[Records contained in a dataset]

------

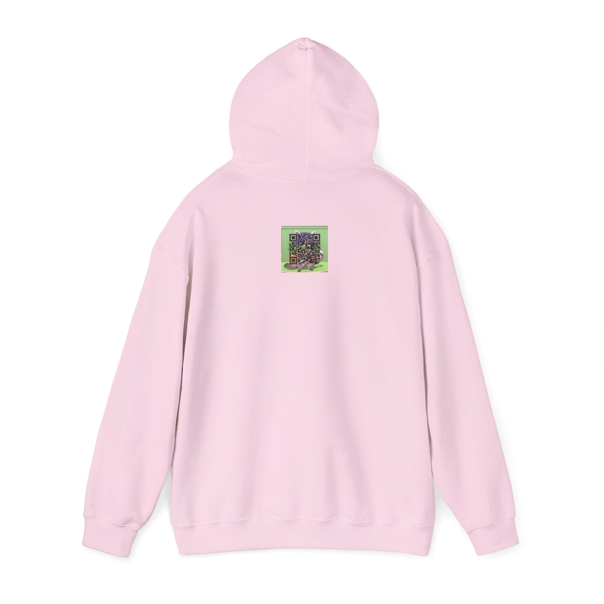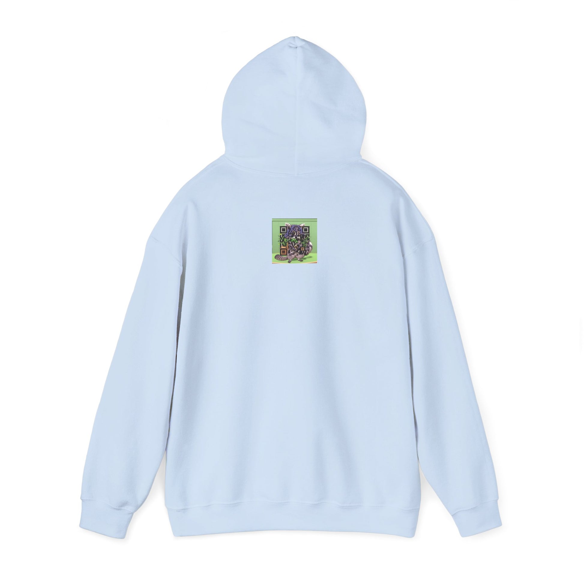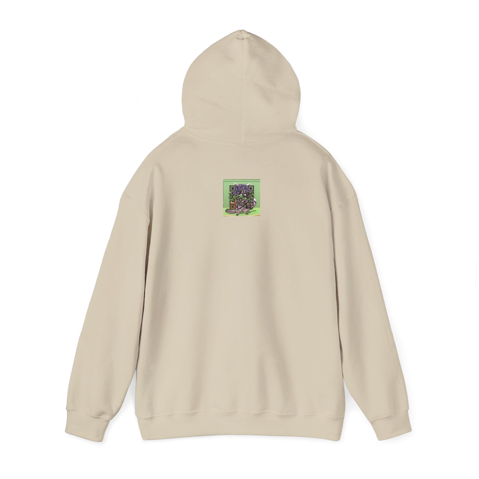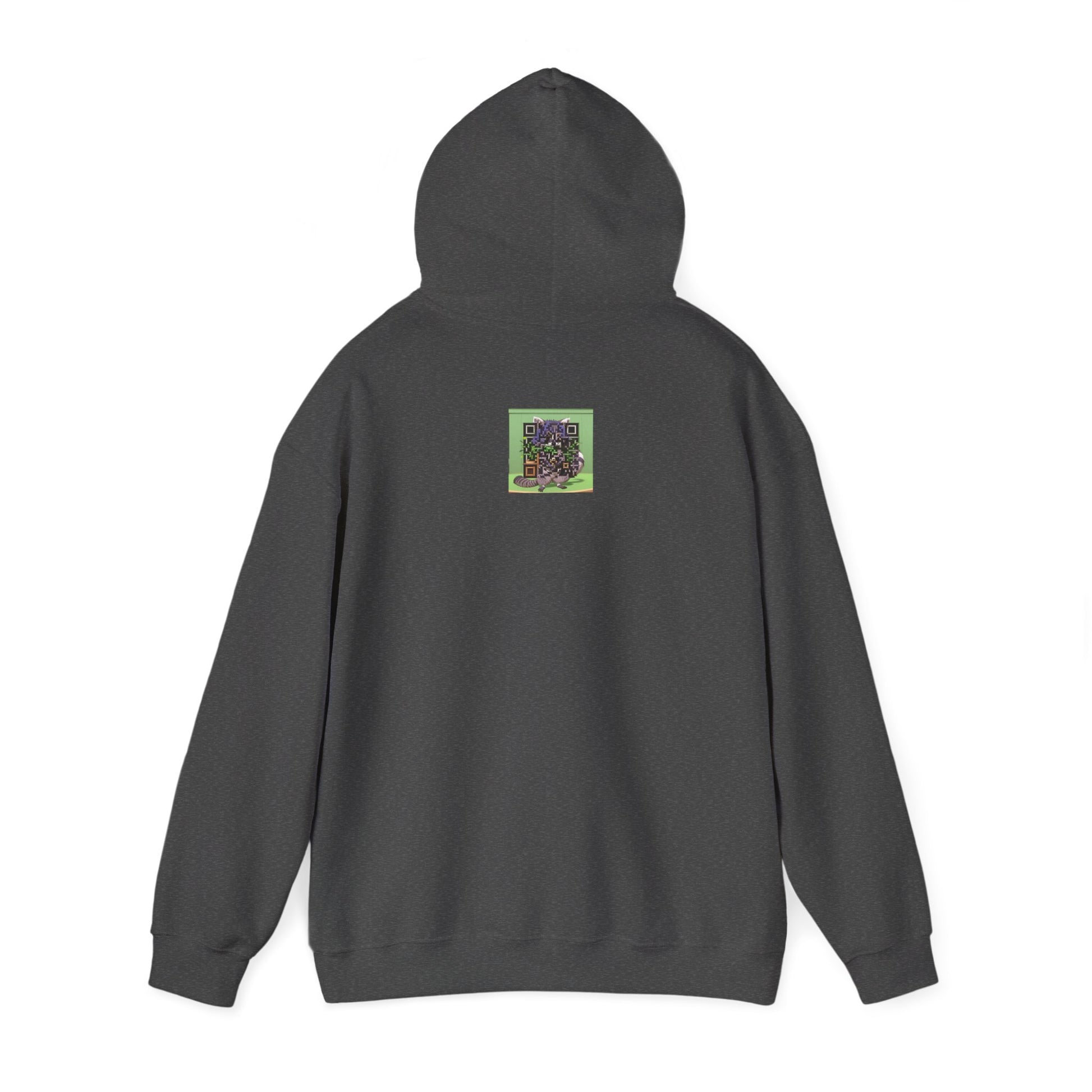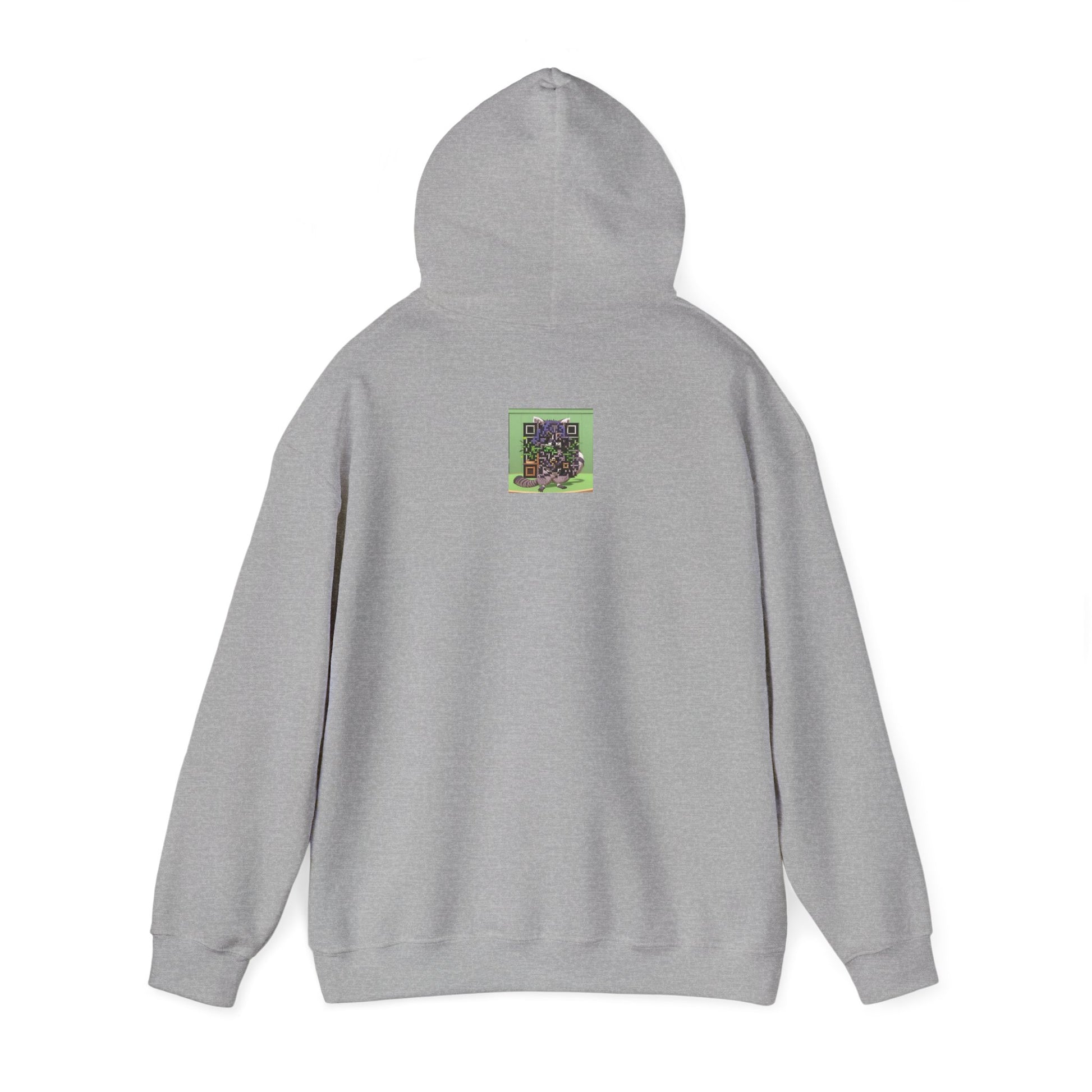 Stay cozy and stylish with this unisex hoodie featuring a unique raccoon design inspired by author Mosey Stuart. A cute QR code on the back connects directly with Mosey Stuart's website! Perfect for those looking to add a touch of whimsy to their wardrobe, this hoodie is great for casual outings or lounging at home. Ideal for adults, this hoodie is made from a blend of cotton and polyester for a comfortable and warm feel. The kangaroo pouch pocket and adjustable hood make it practical for everyday wear.
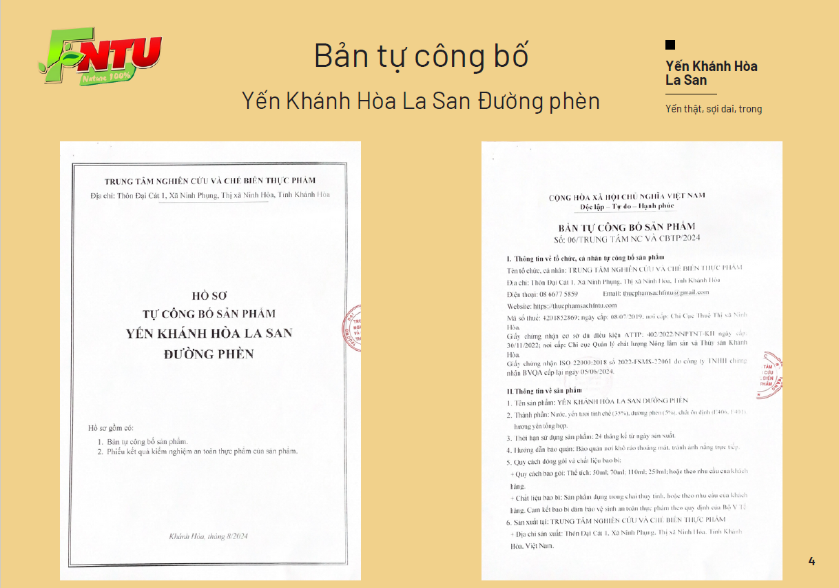 Yến Khánh Hòa La San Đường Phèn: được chế biến theo phương pháp truyền thống, kết hợp với công nghệ hiện đại trên dây chuyền thiết bị tiên tiến từ châu Âu. Điều này không chỉ giữ trọn vẹn hương vị tự nhiên mà còn bảo toàn tối đa các dưỡng chất quý giá có trong yến.
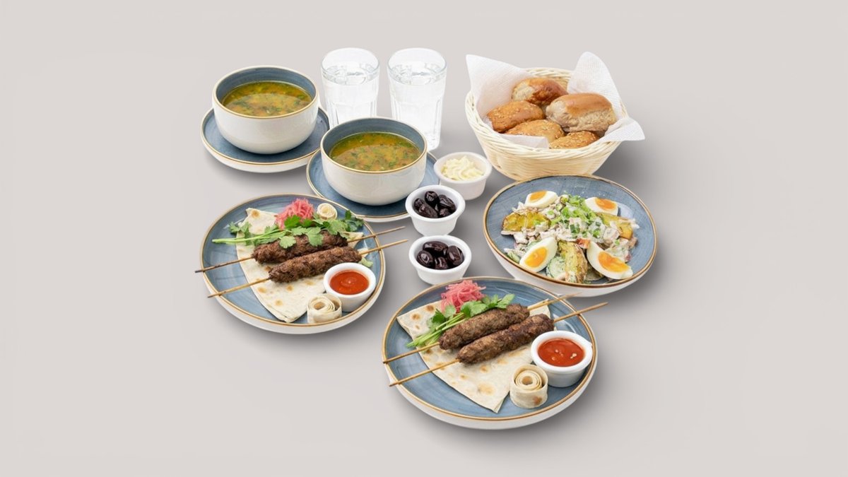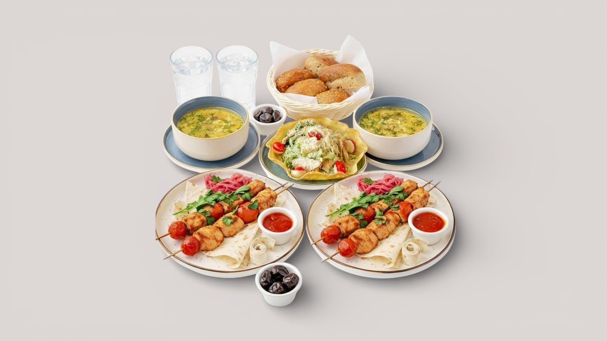 Салат с копченой курицей и картофелем, домашний куриный суп (2 порции), гриль-шпажки из говядины (2 порции), вода, финики.
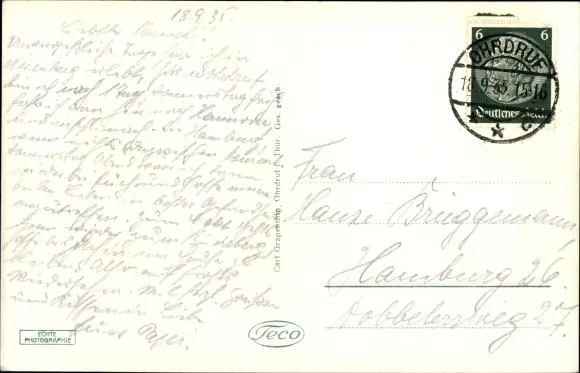 Zustand, siehe Scan, gelaufen, 1935 - ca 14 cm X 9 cm
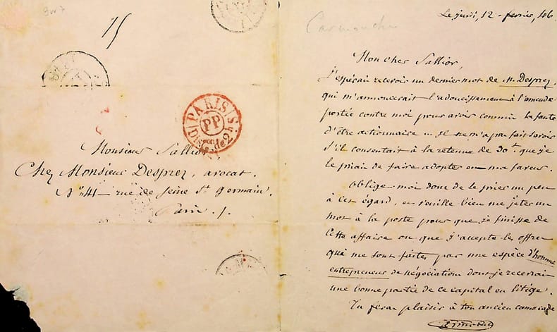 Pierre Carmouche (1797-1868), poète, chansonnier, goguettier, écrivain. L.A.S., 12 février 1846, 1p in-12. Sur papier rose. A Sallior, un avocat ou un avoué. A propos d'une amende qu'il a eu dans un litige. [178b]
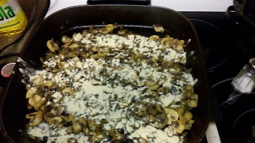 In a large fry pan, sauté onions in oil and garlic butter until soft. Add minced garlic and fresh mushrooms. Sauté over medium heat about 10 minutes.
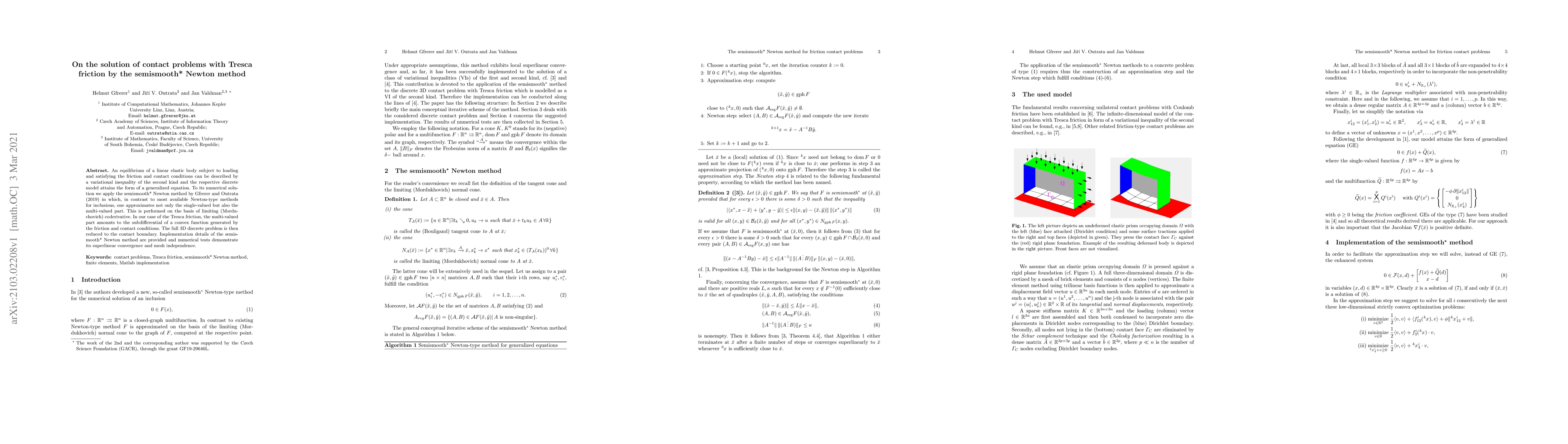 Researchers apply a semismooth Newton method to solve contact problems with Tresca friction, achieving superlinear convergence and mesh independence in 3D discrete models.

------

- _Task brief_
Leaving out the pictures, please transcribe exactly the lines from the one that holds "Zustand, siehe Scan, gelaufen, 1935" through the last line of the entries above, both included.

- _Task output_
 Zustand, siehe Scan, gelaufen, 1935 - ca 14 cm X 9 cm
 Pierre Carmouche (1797-1868), poète, chansonnier, goguettier, écrivain. L.A.S., 12 février 1846, 1p in-12. Sur papier rose. A Sallior, un avocat ou un avoué. A propos d'une amende qu'il a eu dans un litige. [178b]
 In a large fry pan, sauté onions in oil and garlic butter until soft. Add minced garlic and fresh mushrooms. Sauté over medium heat about 10 minutes.
 Researchers apply a semismooth Newton method to solve contact problems with Tresca friction, achieving superlinear convergence and mesh independence in 3D discrete models.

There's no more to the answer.